They put everything they had into it.
I felt feverish with a blush by the time we finally starting carrying bowls of hot food into the giant dining room.
"You survive?" Kingston asked, snagging me before I could make another trip back into the kitchen, dragging me down a hall and into the empty living room since the Mallick men and children didn't need a second invitation to the table.
"Barely," I grumbled, letting him pull me to his chest, wrapping his arms around me, breathing in his woodsy, sawdusty scent. "I can't unhear the things I have heard tonight," I told his neck.
"If it makes you feel any better, I was cornered by Charlie and all the Mallick guys demanding to know my intentions toward you."
"No way," I said, shaking my head, barely able to picture that, to imagine them all caring that much about me to want to make sure that the men in my life had honorable intentions.
My own father had barely ever greeted any of my ex-boyfriends.
It would have never crossed his mind to question them.
"Yep," he agreed, running his hand down my back, one of his hands grabbing my ass for a second before moving back up. "And then Shane informed me that if I hurt you, my kneecaps will pay for it."
"He did not say that," I objected, pulling back far enough to look up at him.
"He said it. And, what's more, he meant it. So, I better be good to you, huh?" he asked, squeezing me tighter.
"Ew," a disgusted voice grumbled as they moved past. From the back, it was impossible to tell which Mallick kid it was. "The adults in this family are gross," he added, making his way into the dining room.
"Someday," I said, turning back to Kingston, "maybe we can disgust our very own children."
The smile he gave me made my heart squeeze in my chest.
I wanted to tell him right then and there.
That I felt it.
That I had felt it for a long time.
Even if the world would tell us it was too soon to say it even if we did feel it.
But Helen called us to dinner.
And honorary members of the family or not, you did not make Helen Mallick call you a second time.
So, I kept it to myself.Kingston - 2 months"He picked the hottest day of the goddamn month to drag us out here," Nixon grumbled, stabbing the shovel into the ground, preparing the hole for a new fence post.
He wasn't exactly wrong.
All of us were miserable.
Spring had been a fake-out of a season, tripping over itself to catapult us directly into summer. The sun smirked down from the sky, burning skin, making a sweat pool down our backs and chests as we dug, mixed concrete, attached fencing.
"Oh, what are you bitching about?" Rush asked, unraveling the next few yards of galvanized fencing across the ground. "You weren't the one he had on the roof in a rainstorm to try to figure out where the leaks were coming from. I was a goddamn lightning rod up there."
Helen won the bet.
As if there was ever any doubt.
We were officially living together, though we did flip-flop between houses. Depending, a lot of time, on the weather.
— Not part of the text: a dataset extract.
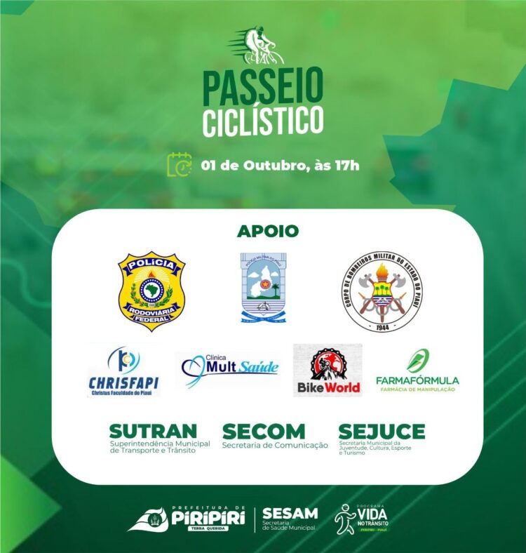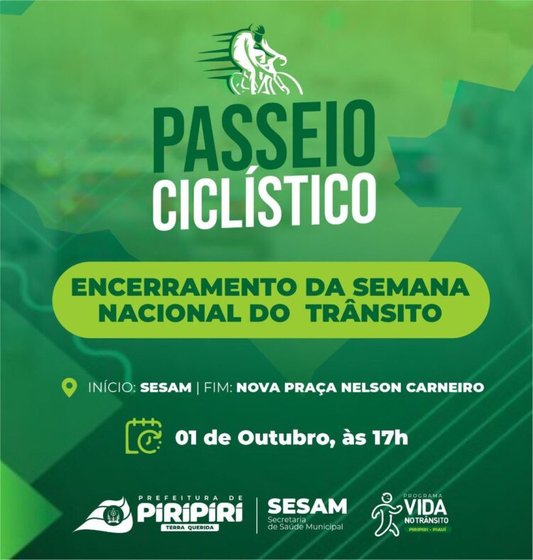 A Semana Nacional do Trânsito, em Piripiri, será finalizada nesta sexta-feira, 1º de outubro, a partir das 17h, com um passeio ciclístico que terá início na Secretaria de Saúde do Município de Piripiri (Sesam), na Av. Raimundo Holanda, encerrando na Praça Nelson Carneiro, no Bairro Estação.

If the rain slapped or the wind whipped, the farmhouse dripped or cold air screamed through the ancient windows.
With the new help at the shop, Savea managed to cut back her hours a bit. I had tried to cut down mine as well, hiring someone to handle the administrative stuff I never had time to finish during my own workday.
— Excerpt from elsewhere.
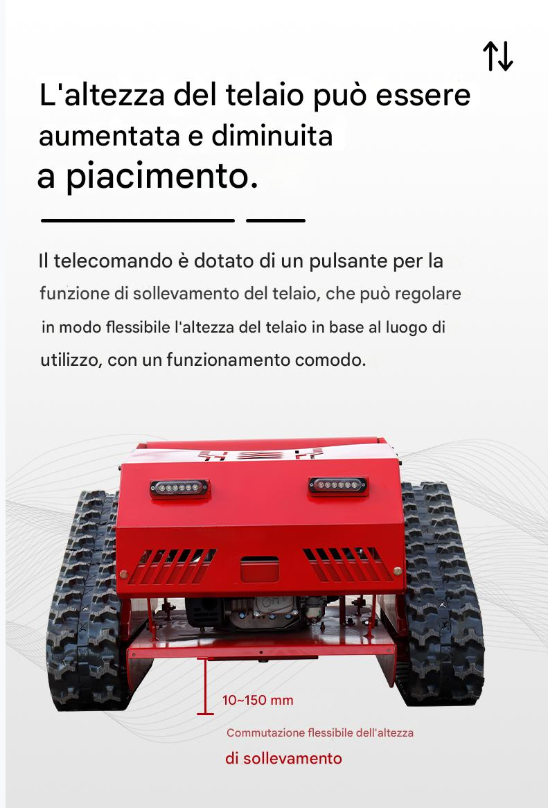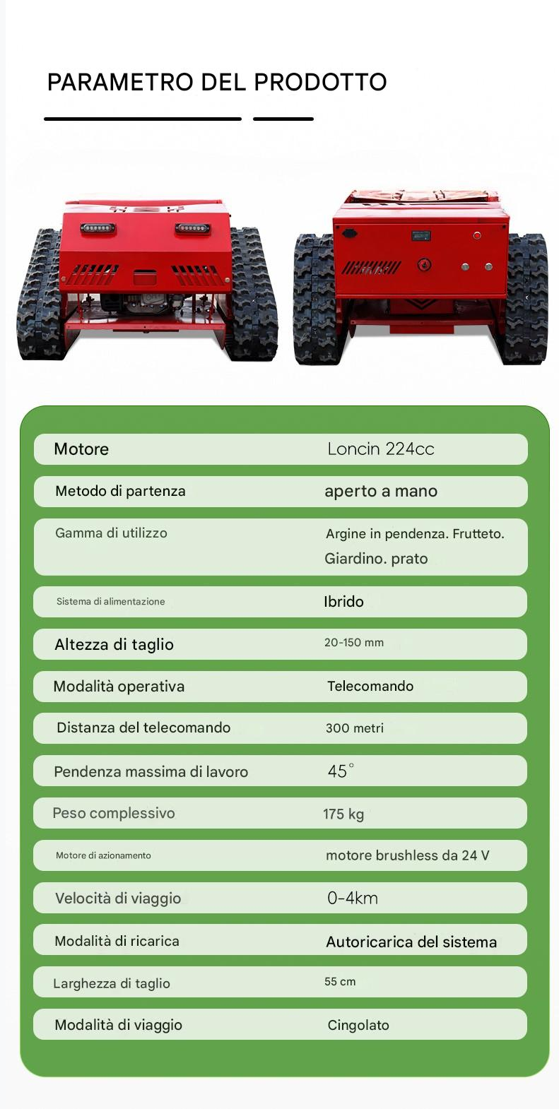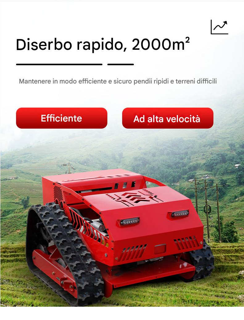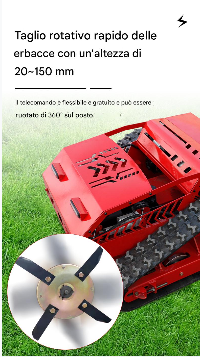 Affronta pendii, frutteti, giardini e prati con precisione con il Sutz750. Alimentato da un motore Loncin da 224 cc e da un motore brushless da 24 V, questo rasaerba ibrido offre un taglio efficiente e telecomandato fino a pendenze di 45°. Con un raggio di controllo di 300 m, una larghezza di taglio di 55 cm e un movimento cingolato, offre un’adattabilità al terreno senza pari. Resistente, auto-ricaricante e compatto, progettato per una gestione del prato ad alte prestazioni.

We'd catch some food, take the dogs for a walk, then head over to the farmhouse where we had a temporary run set up for them to play around as we did projects inside.
The roof had been a main priority. Then undoing all the damage from it, skimming the walls, repainting.
We'd taken turns working the sanding machine to refinish the floors, then stained them a warm medium tone that set off the ancient, charming nail heads.
She'd once joked that the list of to-do projects at the house was as long as her leg. I'd thought at the time that she had been exaggerating. Until we really started spending some time there, getting wet, cold, squinting anytime we had to go into the bathroom because of the hideous porcelain color, struggling for elbow room in the kitchen if we were trying to cook meals together on the range that I was pretty sure pre-dated me.
I had been tip-toeing around bringing up something I had realized after only maybe a night staying there.
A major addition was called for.
We'd managed to get a queen-sized bed in the bedroom, but it had left almost no walking room. The kitchen needed to expand outward. An actual dining room would be nice instead of the teensy eat-in kitchen. A family room where our family could actually fit would be great. And, well, if we were going to have any children, they would need rooms as well.